Leave out every picture and set down, exactly, the lines below from the one holding "Well, Dad, I" up to and including the one holding "The definition of".

Start of Block

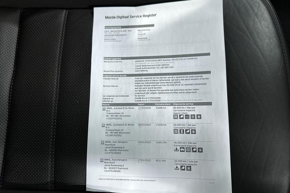 Omdat rijden een plezier mag zijn, staat deze Mazda CX-5 enthousiast te glimmen in de showroom. Technisch in topconditie, strak in de lak... echt een droomauto! De aandrijving van deze Mazda wordt verzorgd door een viercilinder benzinemotor en een automatische transmissie. Basisuitvoering? Niks daarvan! Deze komt met lederen interieur, een elektrisch bediende glazen panorama dak en een elektrisch bedienbare achterklep. U zult absoluut de luxe waarderen van de stoelverwarming, verwarmbare achterbank, en het verwarmbare stuur dat inbegrepen is in dit voertuig. Bij de uitrusting van deze Mazda horen onder meer LED koplampen, dakspoiler, extra getint glas, in delen neerklapbare achterbank, LED-achterlichten en verstelbare lendensteunen.
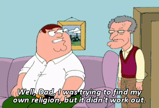 Well, Dad, I was trying to find my own religion, but it didn't work out.
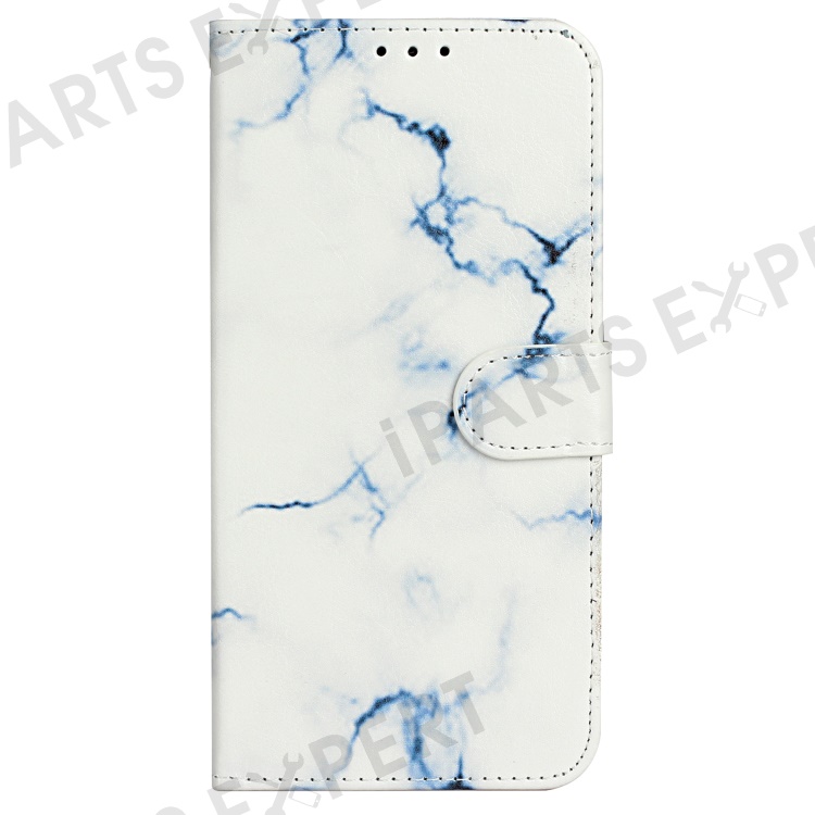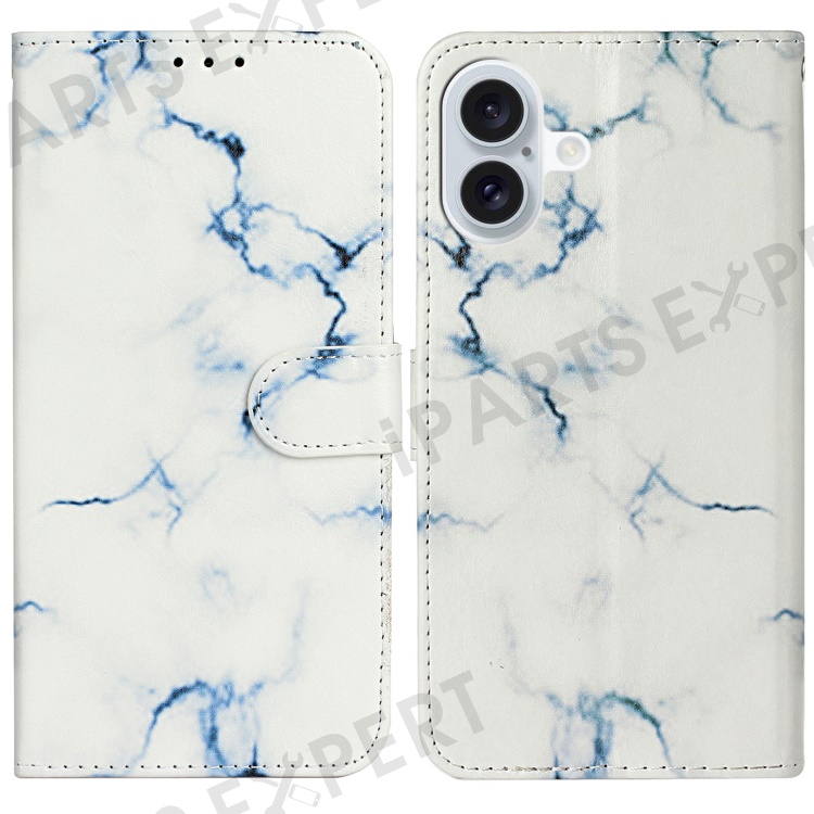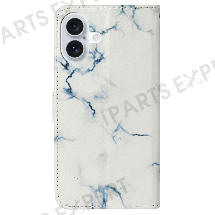 For iPhone 16 Plus Case Shockproof Leather Wallet Phone Cover Pattern Printing - White Marble
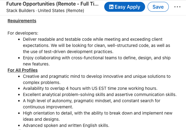 Different tech professions require a diverse set of skills. Senior positions are filled with candidates with impressive portfolios matching the company’s profile, while entry and mid-level jobs are more flexible. The requirements also get higher and more specific as the organization grows in size.
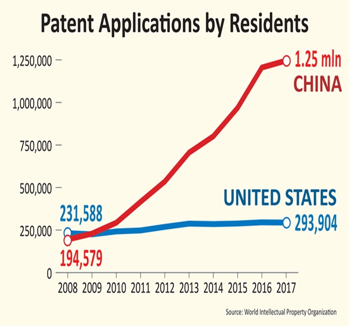 In 2008, the resident patent applications from China were about 200,000, and from the U.S. about 230,000, comfortably ahead of China. But in 2017, the figure from China rose to over 1 million, while the U.S. number hadn’t changed much, remaining at under 300,000.
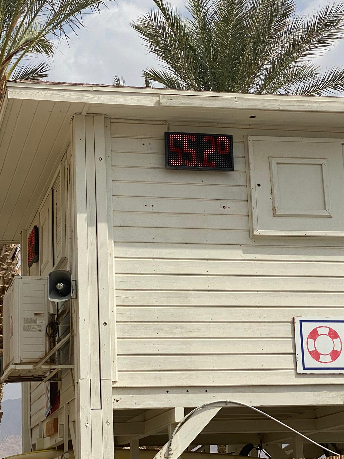 שיא השיאים – עכשיו באילת: למעלה מ-55 מעלות צלזיוס הוצגו באחת מתחנות החוף באילת במהלך השעות האחרונות. חלק מהושבים מדווחים על 50 מעלות "בלבד" ומספרים כי החום הגיע למצב שלא ניתן שהות באזור שאינו ממוזג.
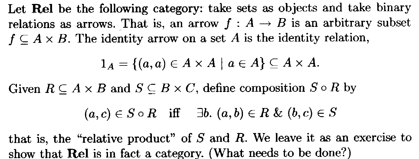 The definition of the category Rel ... reads as follows:View attachment 8387
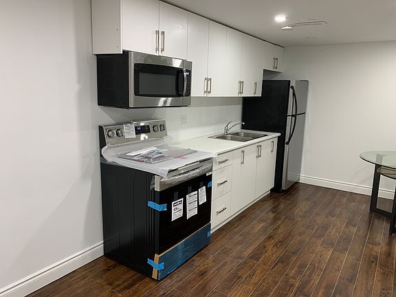 BEAUTIFUL NEWLY RENOVATED 1 BEDROOM APARTMENT Very bright open concept kitchen Open concept living/dining area Lots of natural light with above ground windows throughout apt Fridge, Stove, Washer, Dryer Large fenced backyard Pot lights throughout Newly installed laminate flooring throughout apt 1 car parking Close to all amenities and transportation Easy access to the 400 highway $1595 plus utilities This apartment is a must see! Owner pays for water, renter pays for gas and electricity on pro rata basis 30% of the total utilities. Only small pets are allowed.
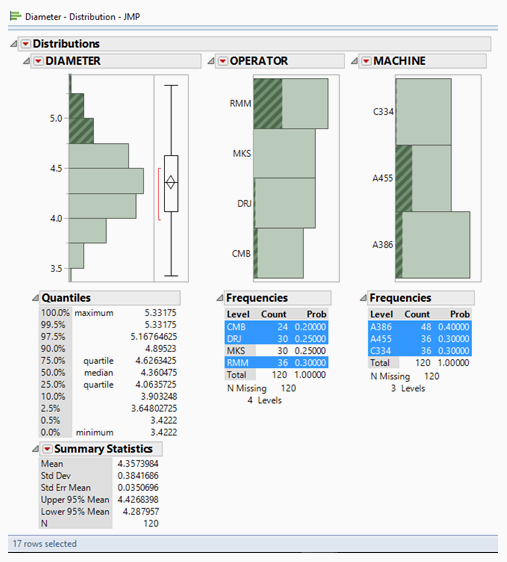 So, what happened to those two averages? Referring to the data table, we see that both high averages were the combination of an operator whose initials are RMM using machine A455. So, is the operator at fault, or was the machine at fault? Let’s use the distribution data and highlight each. First, let’s look at operator RMM in the Phase 1 data only:
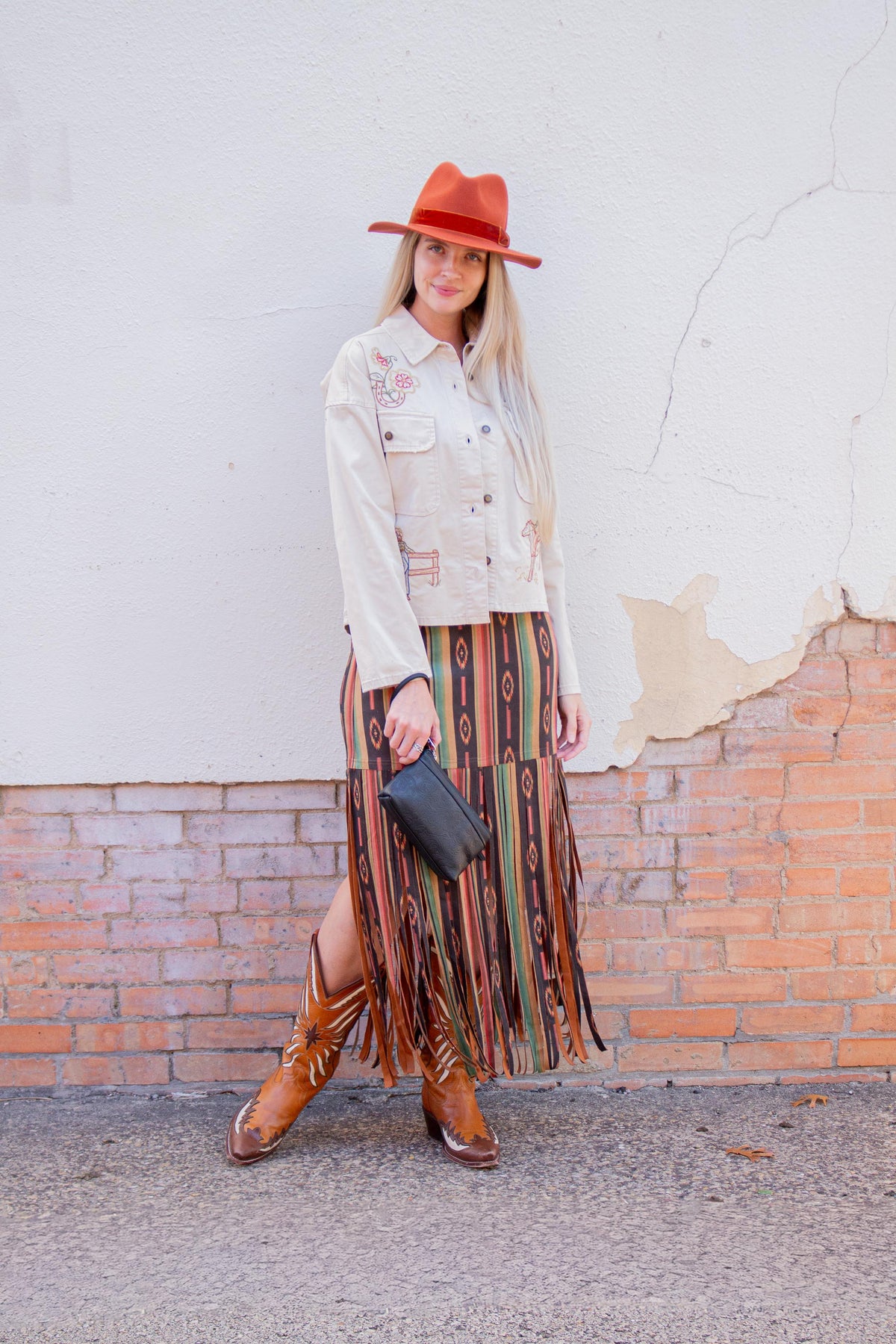 Crafted from sturdy, comfortable 100% cotton stretch canvas, this utility-style shirt jacket features intricate allover embroidery inspired by classic western iconography. It has dropped shoulders, a straight back yoke, and two large angled patch pockets with flaps.

End of Block

EXERCISE OUTPUT →
 Well, Dad, I was trying to find my own religion, but it didn't work out.
 For iPhone 16 Plus Case Shockproof Leather Wallet Phone Cover Pattern Printing - White Marble
 Different tech professions require a diverse set of skills. Senior positions are filled with candidates with impressive portfolios matching the company’s profile, while entry and mid-level jobs are more flexible. The requirements also get higher and more specific as the organization grows in size.
 In 2008, the resident patent applications from China were about 200,000, and from the U.S. about 230,000, comfortably ahead of China. But in 2017, the figure from China rose to over 1 million, while the U.S. number hadn’t changed much, remaining at under 300,000.
 שיא השיאים – עכשיו באילת: למעלה מ-55 מעלות צלזיוס הוצגו באחת מתחנות החוף באילת במהלך השעות האחרונות. חלק מהושבים מדווחים על 50 מעלות "בלבד" ומספרים כי החום הגיע למצב שלא ניתן שהות באזור שאינו ממוזג.
 The definition of the category Rel ... reads as follows:View attachment 8387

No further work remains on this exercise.